IPSI RAS – Branch of the FSRC "Crystallography and Photonics" RAS,
443001, Samara, Russia, Molodogvardeyskaya 151,
Samara National Research University, 443086, Samara, Russia, Moskovskoye Shosse 34

 PDF, 1043 kB

DOI: 10.18287/2412-6179-CO-762

Pages: 712-720.

Full text of article: Russian language.

Abstract:
A method for designing an optical element with two free-form surfaces generating a prescribed illuminance distribution in the case of an extended light source is considered. The method is based on the representation of the optical element surfaces by bicubic splines and on the subsequent optimization of their parameters using a quasi-Newton method implemented in the Matlab software. To calculate the merit function, a version of the ray tracing method is proposed.

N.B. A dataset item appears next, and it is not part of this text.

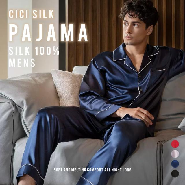 シルク パジャマ 長袖 メンズパジャマ Vネック 16匁 シルクパジャマ シルク100% 上下2点セット ルームウェア 春夏 上下セット セットアップ かわいい 部屋着 ナイトウェア 100%絹 男性 肌に優しい 潤い 寝巻き 無地 光沢感 プレゼント ギフト箱付き

Using the proposed method, an optical element with record characteristics was designed: the ratio of the element height to the source size is 1.6; luminous efficiency is 89.1 %; uniformity of the generated distribution (the ratio of the minimum and average illuminance) in a given square region is 0.92.

Keywords:
freeform surface, ray tracing, optimization, LED optics, illuminance distribution, nonimaging optics, optical design.

Citation:
Byzov EV, Kravchenko SV, Moiseev MA, Doskolovich LL. Optimization method for designing optical elements with an extended light source. Computer Optics 2020; 44(5): 712-720. DOI: 10.18287/2412-6179-CO-762.

Acknowledgements:
This work was financially supported by the RF Ministry of Science and Higher Education within the State assignment to FSRC "Crystallography and Photonics" RAS under agreement 007-ГЗ/Ч3363/26 (Numerical simulation of the optical elements), Russian Science Foundation under project No. 18-19-00326 (Development of the method and design of the optical elements).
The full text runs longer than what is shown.